I remember that race day as cool but not cold. I did run in shorts with gloves and a tossel cap. I ran a comfortable pace. I placed 29th in 2:51:58. Now think about that time for a minute. I was 29th. All 29 of us finished under three hours. Plus, there were several other runners finishing behind me also under three hours. That’s not bad for a smaller regional marathon.

I had two notable February runs. The first was February 26, 1978. This date is important because it began a 24-year running streak. That’s 8,854 straight running days. I was weeks away from my 25th birthday. I was 49 when this streak ended in 2002. Of course, I began a new running streak once those physical issues were addressed and corrected.

I remain very proud of that running achievement. There never was any monetary value or a trophy attached to that long consecutive run. This run streak was personal. I ran for me.

The other notable February date was February 24, 2015. That February date became my all-time cold weather run. The morning temperature was -18 F. My previous coldest run was a year earlier on January 7, 2014 at -16 F. Now, before those dates the previous cold record was set on Christmas Day December 25, 1983. That run was at -13 F. It took 21 years to break that record- cold run.
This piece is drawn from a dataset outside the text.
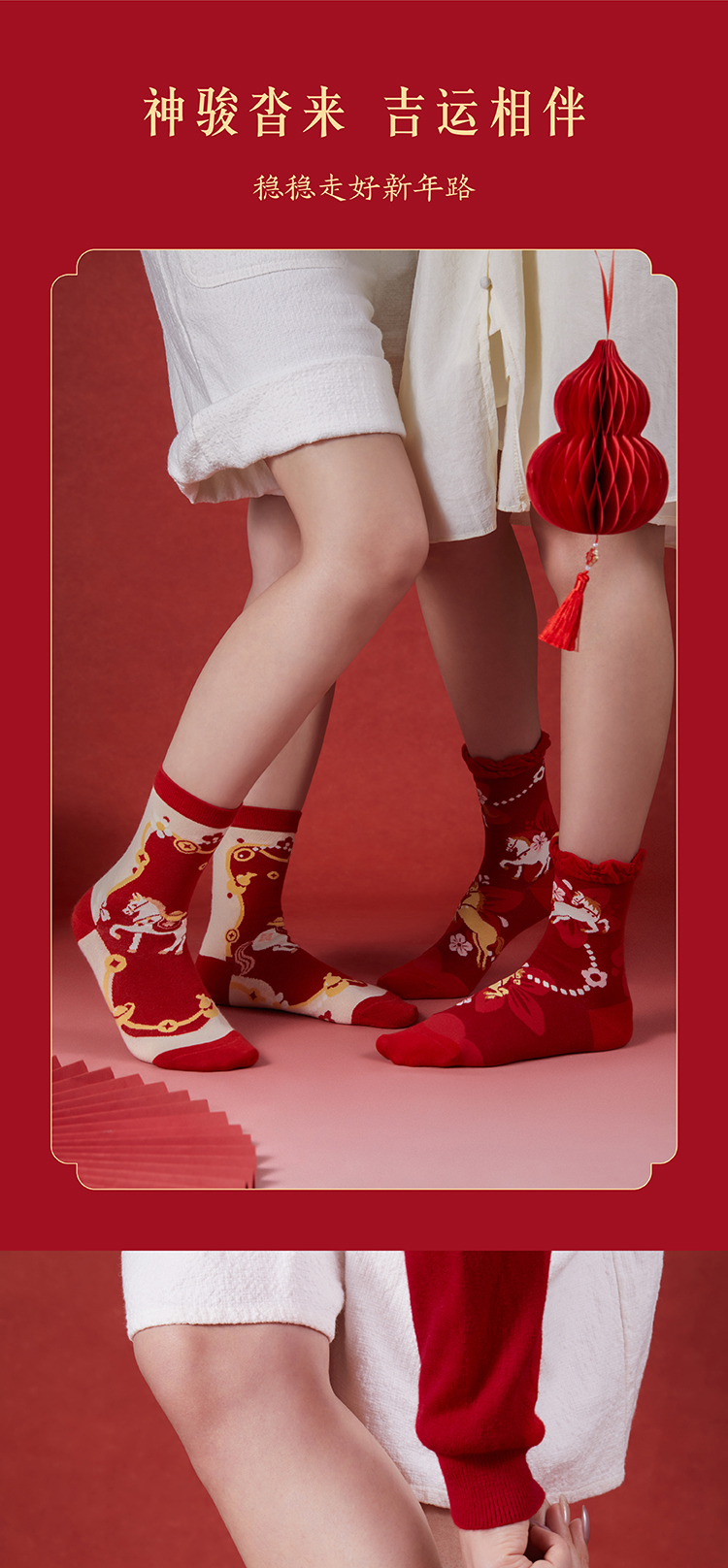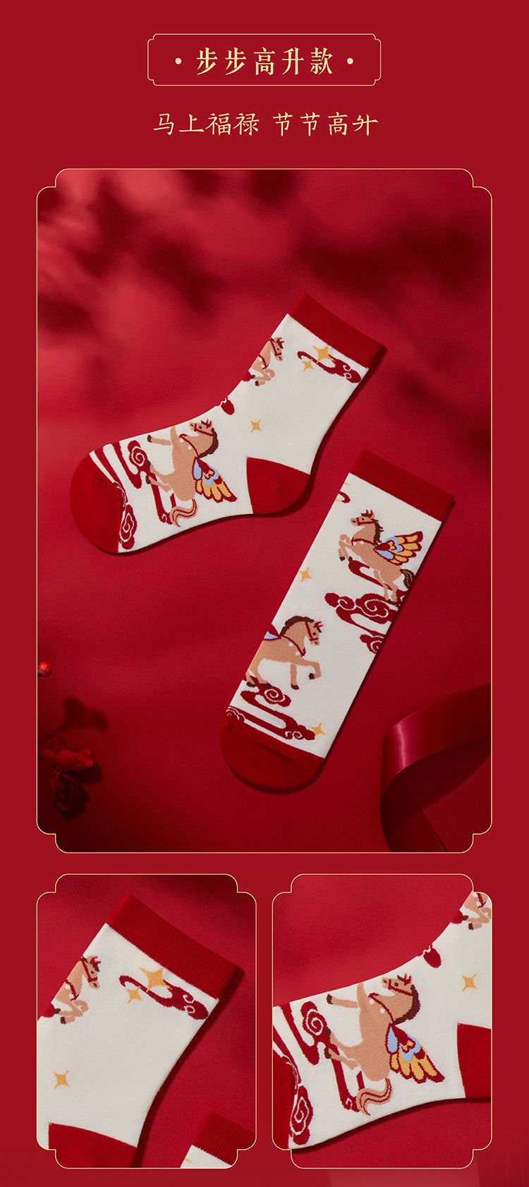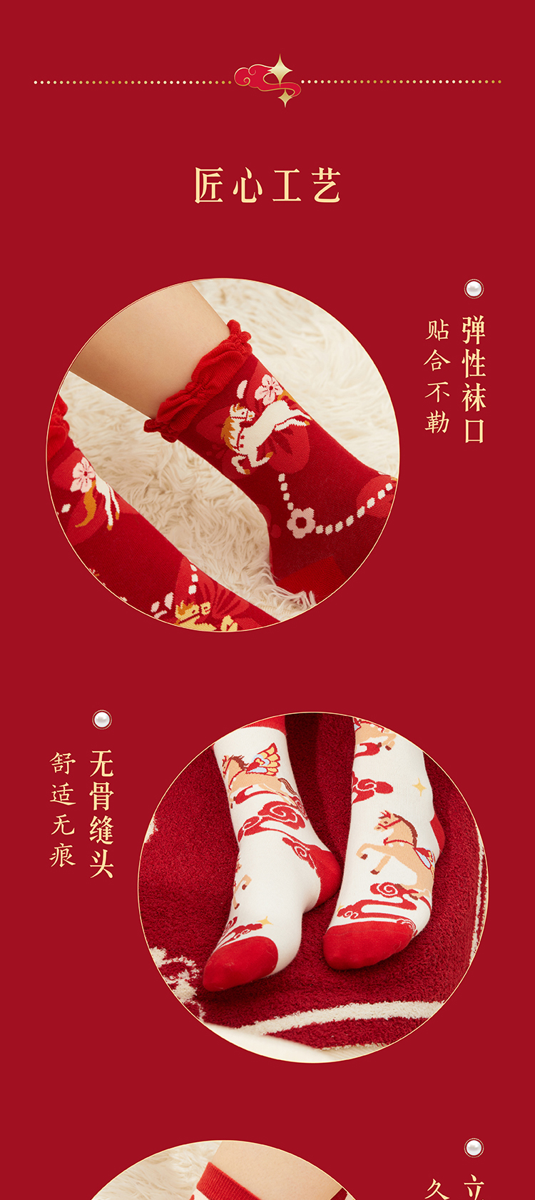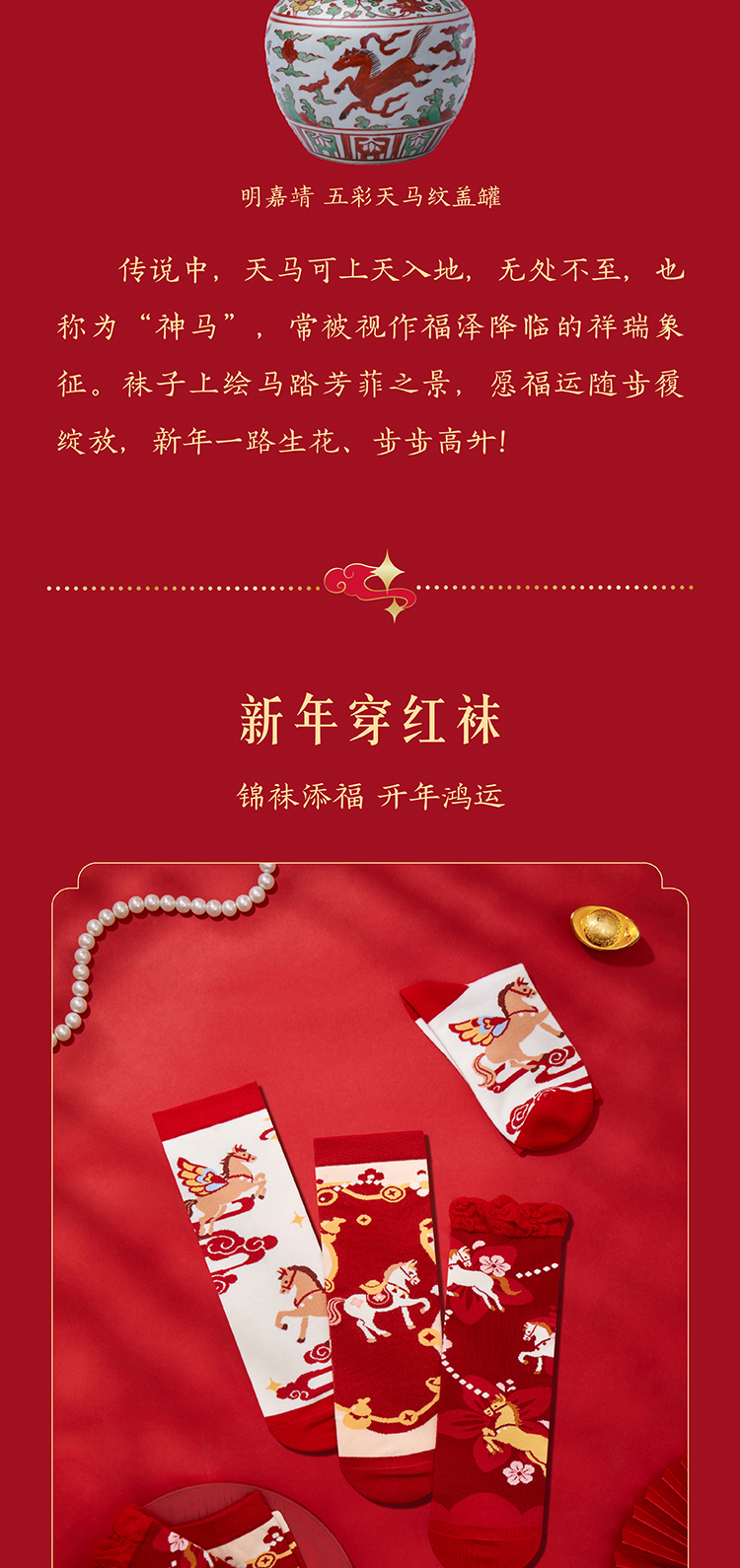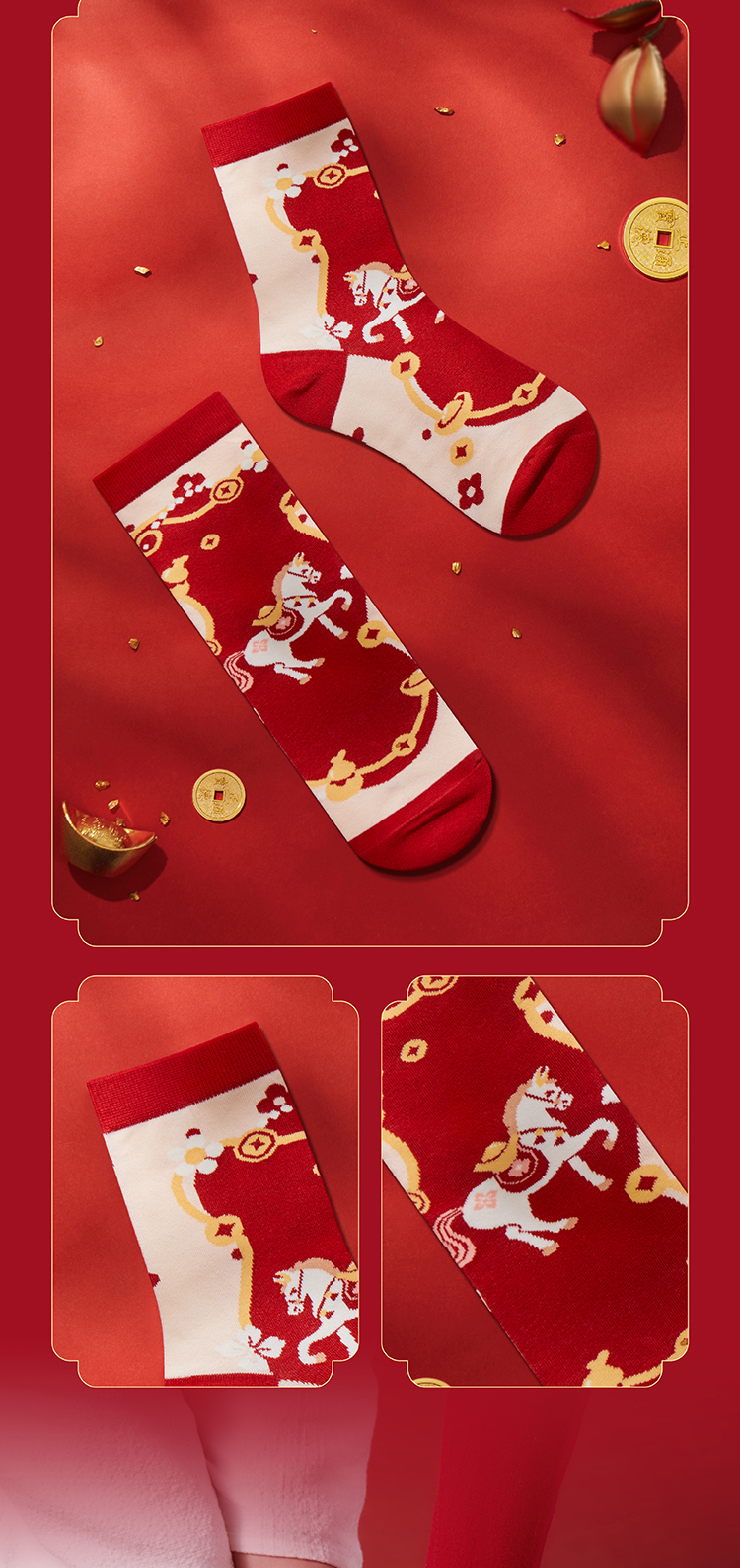 【故宫袜子】马踏芳菲袜子女中筒袜秋冬红袜子新年马年本命年礼盒

I have no great wish to break my current cold weather record run. I was nearly 62 years old in 2015. There were no issues on that run. I was surprised how easy the run was in those conditions. However, when I left for work that morning the temperature dropped to -22 F.

So, what late winter weather condition will 2019 offer? Weather projections, at this writing, are bleak. The National Weather Service and the Weather Channel are projecting colder than normal temperatures for our region. But, some unusual sun spots could weaken or strengthen this projection. Mother Nature has the final word here.

My advice is prepare for the worst scenario. Also, become a weather-aware person. A smart runner is weather aware. February is a short run. Enjoy the roadside view. Run smart, run well!